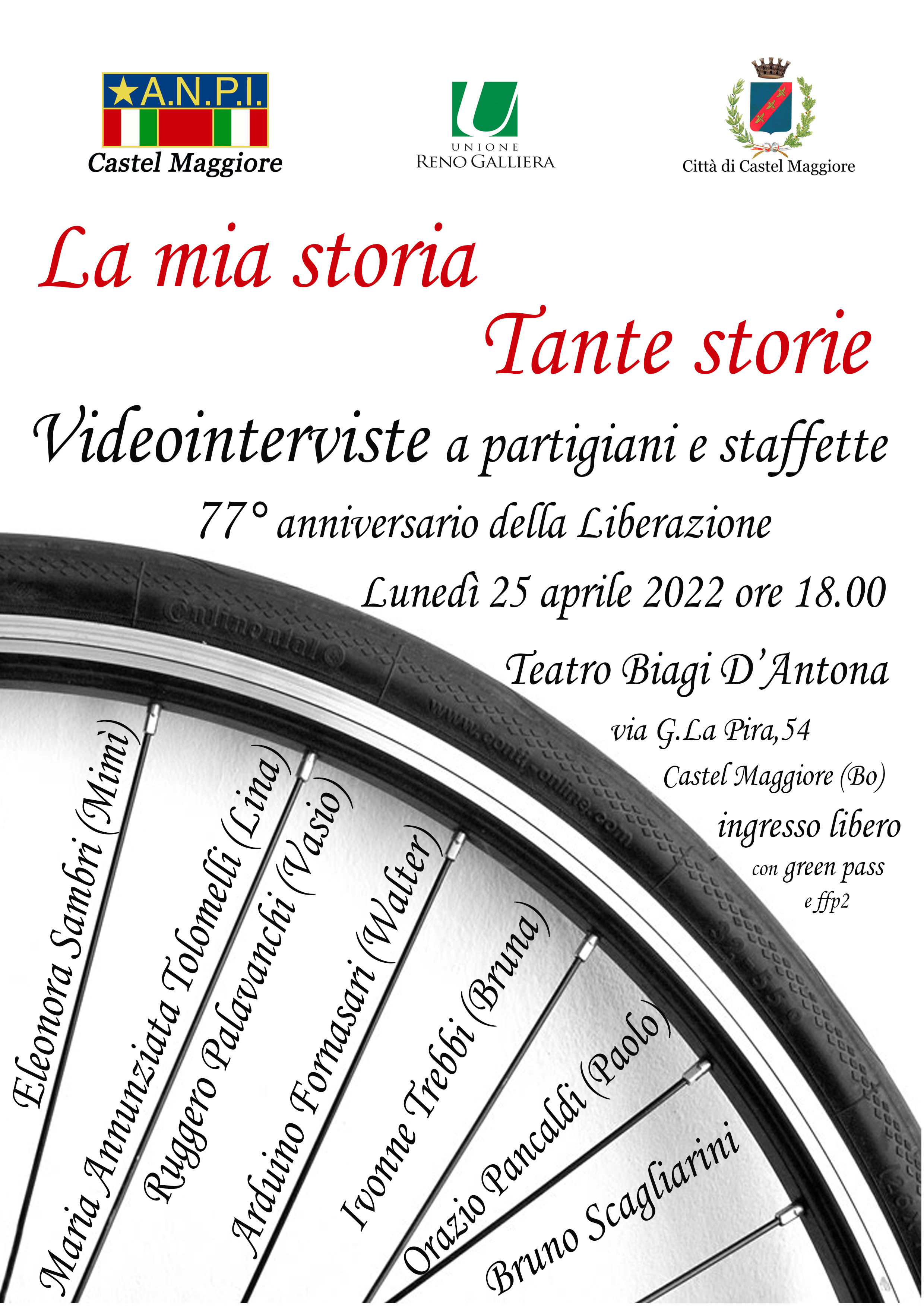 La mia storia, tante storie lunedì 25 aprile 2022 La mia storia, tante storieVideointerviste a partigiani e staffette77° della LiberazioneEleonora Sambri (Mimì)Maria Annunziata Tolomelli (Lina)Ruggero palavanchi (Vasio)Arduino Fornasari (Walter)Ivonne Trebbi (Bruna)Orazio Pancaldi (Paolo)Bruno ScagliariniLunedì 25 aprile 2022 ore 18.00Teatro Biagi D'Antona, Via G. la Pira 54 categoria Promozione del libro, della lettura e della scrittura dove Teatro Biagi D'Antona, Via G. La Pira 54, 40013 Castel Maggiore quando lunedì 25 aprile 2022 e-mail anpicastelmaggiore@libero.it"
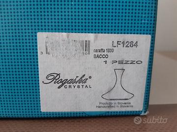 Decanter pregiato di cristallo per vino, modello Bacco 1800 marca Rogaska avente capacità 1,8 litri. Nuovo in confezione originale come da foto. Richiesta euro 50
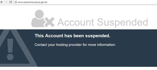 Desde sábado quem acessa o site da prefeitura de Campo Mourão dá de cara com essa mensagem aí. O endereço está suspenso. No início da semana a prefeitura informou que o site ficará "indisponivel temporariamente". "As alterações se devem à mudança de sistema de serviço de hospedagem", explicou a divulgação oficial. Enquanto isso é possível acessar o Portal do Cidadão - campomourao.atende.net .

_Work request:_ In your answer, set down the full listing word for word and include no pictures.

_Answer section:_
 La mia storia, tante storie lunedì 25 aprile 2022 La mia storia, tante storieVideointerviste a partigiani e staffette77° della LiberazioneEleonora Sambri (Mimì)Maria Annunziata Tolomelli (Lina)Ruggero palavanchi (Vasio)Arduino Fornasari (Walter)Ivonne Trebbi (Bruna)Orazio Pancaldi (Paolo)Bruno ScagliariniLunedì 25 aprile 2022 ore 18.00Teatro Biagi D'Antona, Via G. la Pira 54 categoria Promozione del libro, della lettura e della scrittura dove Teatro Biagi D'Antona, Via G. La Pira 54, 40013 Castel Maggiore quando lunedì 25 aprile 2022 e-mail anpicastelmaggiore@libero.it"
 Decanter pregiato di cristallo per vino, modello Bacco 1800 marca Rogaska avente capacità 1,8 litri. Nuovo in confezione originale come da foto. Richiesta euro 50
 Desde sábado quem acessa o site da prefeitura de Campo Mourão dá de cara com essa mensagem aí. O endereço está suspenso. No início da semana a prefeitura informou que o site ficará "indisponivel temporariamente". "As alterações se devem à mudança de sistema de serviço de hospedagem", explicou a divulgação oficial. Enquanto isso é possível acessar o Portal do Cidadão - campomourao.atende.net .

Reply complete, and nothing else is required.